What if they do satisfy it, as in (b)? Here you have that $(0,2,-1)=2(1,0,2)+(-2,2,-5)$, so if $f$ is a linear transformation, then you must have
$$f(0,2,-1) = 2f(1,0,2) + f(-2,2,-5).$$
Here, this does happen, since
$$2f(1,0,2) + f(-2,2,-5) = 2(0,-2,1) + (3,3,1) = (3, -1, 3) = f(0,2,-1).$$
So, since they satisfy the equations, does there exist a linear transformation that does this? Yes! In fact, there are infinitely many different linear transformations that do this.
How can you find one?
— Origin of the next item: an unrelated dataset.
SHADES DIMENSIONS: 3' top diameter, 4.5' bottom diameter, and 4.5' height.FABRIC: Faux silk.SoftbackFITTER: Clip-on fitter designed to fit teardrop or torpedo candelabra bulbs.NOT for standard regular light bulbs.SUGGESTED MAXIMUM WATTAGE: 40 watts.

Well, this is where you can try doing systems of linear equations. You want to find a linear transformation
$$f(x,y,z) = (ax+by+cz, \ell x+my+nz, rx+sy+tz)$$
such that if you plug in $x=0$, $y=2$, and $z=-1$, you get $(3,-1,3)$; and if you plug in $x=1$, $y=0$, $z=2$, you get $(0,-2,1)$. This gives you six equations in nine unknowns (the unknowns being $a$, $b$, $c$, $\ell$, $m$, $n$, $r$, $s$, and $t$), and it will have a solution. (The other equation you get when you plug in $x=-2$, $y=2$, and $z=-5$ is actually a consequence of the six we already had; taht is what we checked to begin with). So you can try solving that system and getting one possible map.
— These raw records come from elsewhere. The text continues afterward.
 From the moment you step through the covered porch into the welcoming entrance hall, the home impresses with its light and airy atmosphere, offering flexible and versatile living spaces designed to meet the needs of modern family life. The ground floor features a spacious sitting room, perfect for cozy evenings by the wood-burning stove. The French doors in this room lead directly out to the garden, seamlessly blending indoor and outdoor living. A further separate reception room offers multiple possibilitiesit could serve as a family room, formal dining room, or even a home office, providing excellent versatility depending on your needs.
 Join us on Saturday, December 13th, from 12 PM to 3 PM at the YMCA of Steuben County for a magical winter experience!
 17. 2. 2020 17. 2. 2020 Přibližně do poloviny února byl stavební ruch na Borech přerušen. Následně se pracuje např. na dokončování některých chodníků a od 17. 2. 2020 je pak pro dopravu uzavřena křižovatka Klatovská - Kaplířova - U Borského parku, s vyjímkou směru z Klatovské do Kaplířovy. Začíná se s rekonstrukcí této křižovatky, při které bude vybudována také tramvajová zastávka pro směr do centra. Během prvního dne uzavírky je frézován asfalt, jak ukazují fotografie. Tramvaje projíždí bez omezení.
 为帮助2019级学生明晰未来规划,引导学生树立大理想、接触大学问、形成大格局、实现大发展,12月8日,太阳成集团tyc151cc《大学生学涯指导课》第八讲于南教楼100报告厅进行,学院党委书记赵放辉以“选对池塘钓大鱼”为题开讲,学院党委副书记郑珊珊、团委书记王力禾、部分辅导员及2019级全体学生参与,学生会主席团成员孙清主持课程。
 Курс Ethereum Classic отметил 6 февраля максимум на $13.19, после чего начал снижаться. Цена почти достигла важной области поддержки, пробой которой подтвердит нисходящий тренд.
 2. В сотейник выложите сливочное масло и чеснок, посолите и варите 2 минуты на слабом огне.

(When the three vectors you have are a basis, you will get nine equations in nine unknowns with a single possible solution, so that will be the linear transformation you want.)
But there is a way here to save yourself a lot of work: take your favorite two vectors from this set of three, and then find a fourth vector that, together with the first two, makes up a basis. Then define the linear transformation by picking an arbitrary value for the image of that one.
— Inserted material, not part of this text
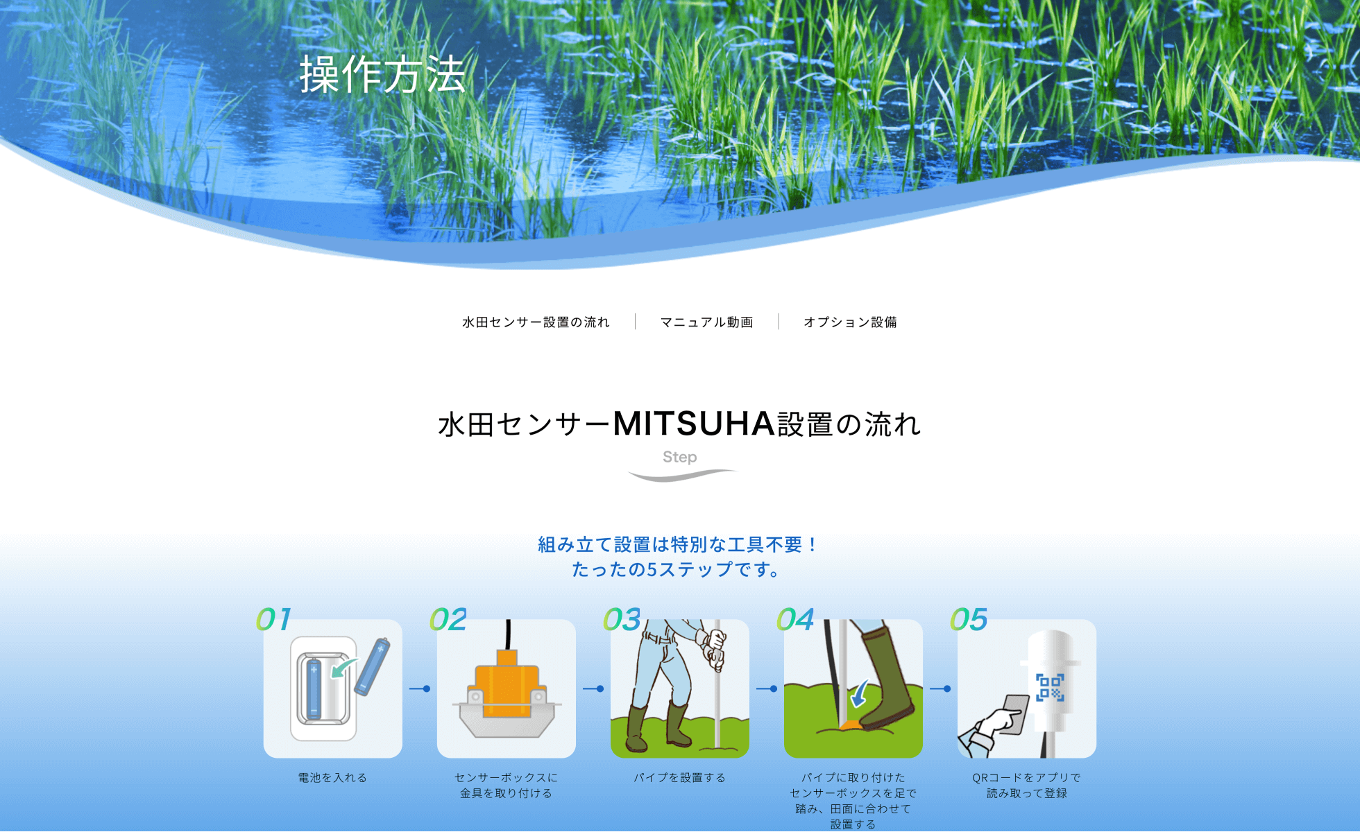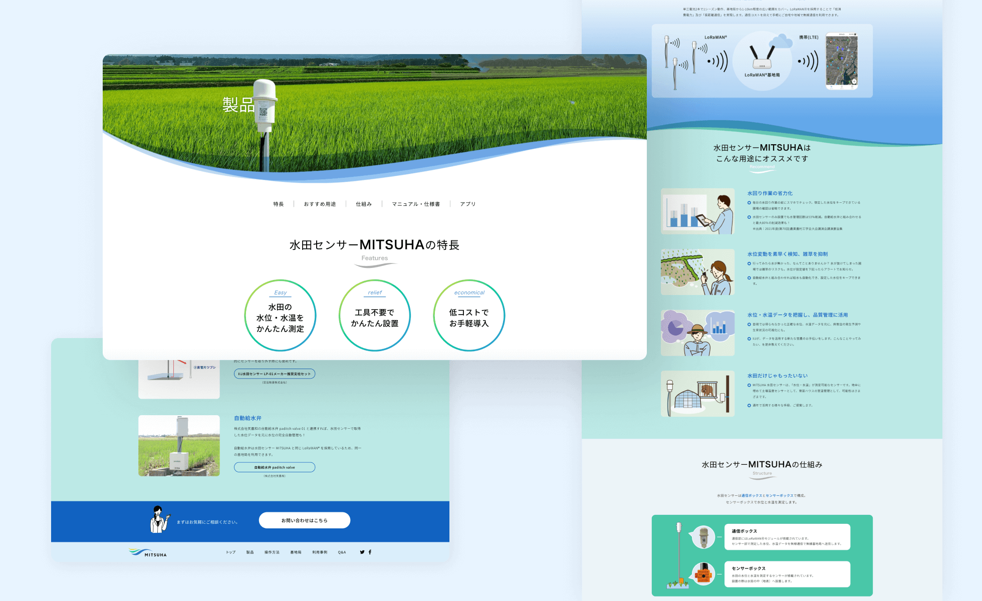 IIJの水管理プラットフォーム MITSUHA のロゴ制作に引き続き、サービスサイトの制作を担当。製品の特長や効果を分かりやすく、理解してもらえるよう挿絵や図版を多用することで、忙しい農家の方々に直感的に認識してもらえるようようにした。A4チラシ、A1パネルも同時に制作。
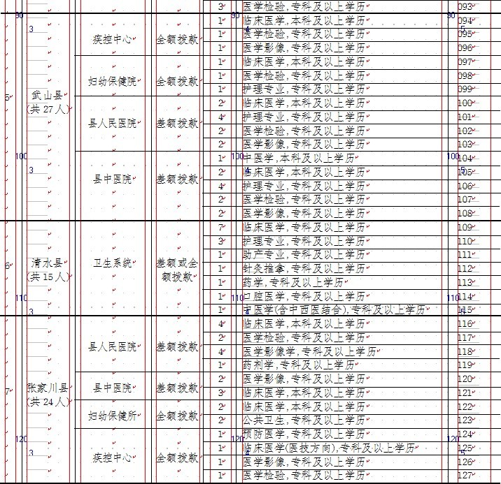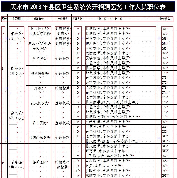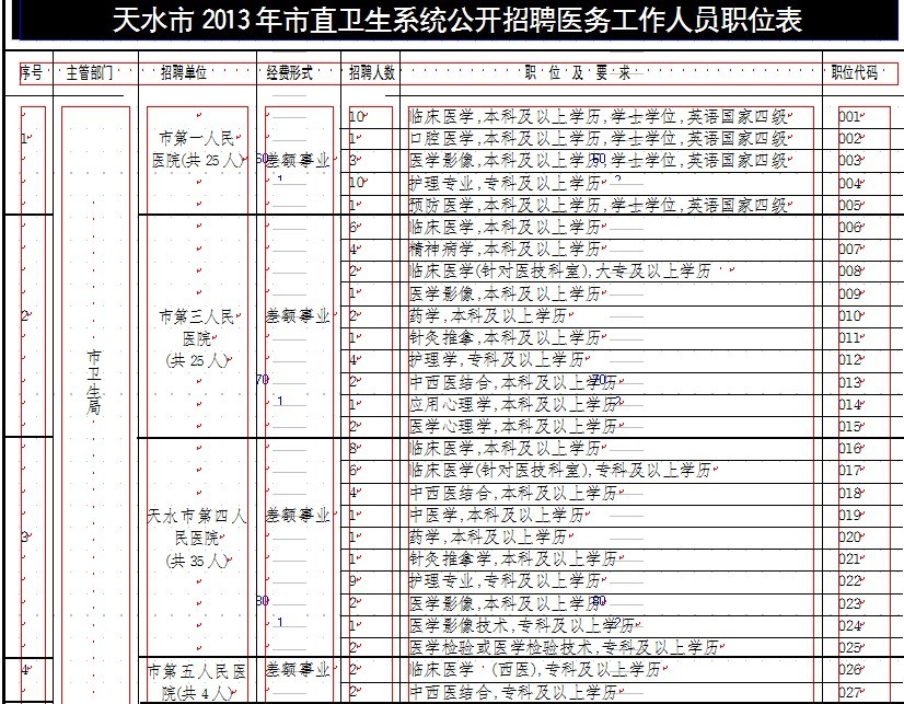 2、天水市2013年县区卫生系统公开招聘医务工作人员职位表

For instance, start with $(0,2,-1)$ and $(1,0,2)$. Notice that $(1,0,0)$ is not a linear combination of these two, so $(0,2,-1)$, $(1,0,2)$, and $(1,0,0)$ makes a basis. Since we can always find a linear transformation that maps $(0,2,-1)$ to $(3,-1,3)$, $(1,0,2)$ to $(0,-2,1)$, and $(1,0,0)$ to anything (say $(0,0,0)$ because it makes things easier), that one will do. Notice that, if $f(1,0,0) = (0,0,0)$, that tells you that $a=\ell=r=0$, so now we only have three more unknowns. In fact, if we can figure out what $f(0,1,0)$ must be, that will gives us automatically $b$, $m$, and $s$; and $f(0,0,1)$ will give us $c$, $n$, and $t$. Can we do that? Yes: because $(0,2,-1)$, $(1,0,2)$, and $(1,0,0)$ are a basis: we have
$$(0,1,0) = \frac{1}{2}(0,2,-1) + \frac{1}{4}(1,0,2) -\frac{1}{4}(1,0,0).$$
So
$$f(0,1,0) = \frac{1}{2}(3,-1,3) + \frac{1}{4}(0,-2,1) - \frac{1}{4}(0,0,0).$$
Then to find the values of $c$, $n$, and $t$, we use the fact that
$$(0,0,1) = \frac{1}{2}(1,0,2) - \frac{1}{2}(1,0,0).$$
This also works when you are trying to find your function $f$ explicitly when the three vectors you have are a basis: try to write $(1,0,0)$, $(0,1,0)$, and $(0,0,1)$ as linear combinations of the three vectors (this amounts to solving three systems of three linear equations with three unknowns first; or to finding the inverse of a matrix; so it looks like the same amount of work, but because there are a lot of zeros it is often easier to solve these than the general one with $a$, $b,\ldots,t$). And then use the value that $f$ must have at $(1,0,0)$, $(0,1,0)$, and $(0,0,1)$ to figure out the "formula" for $f$.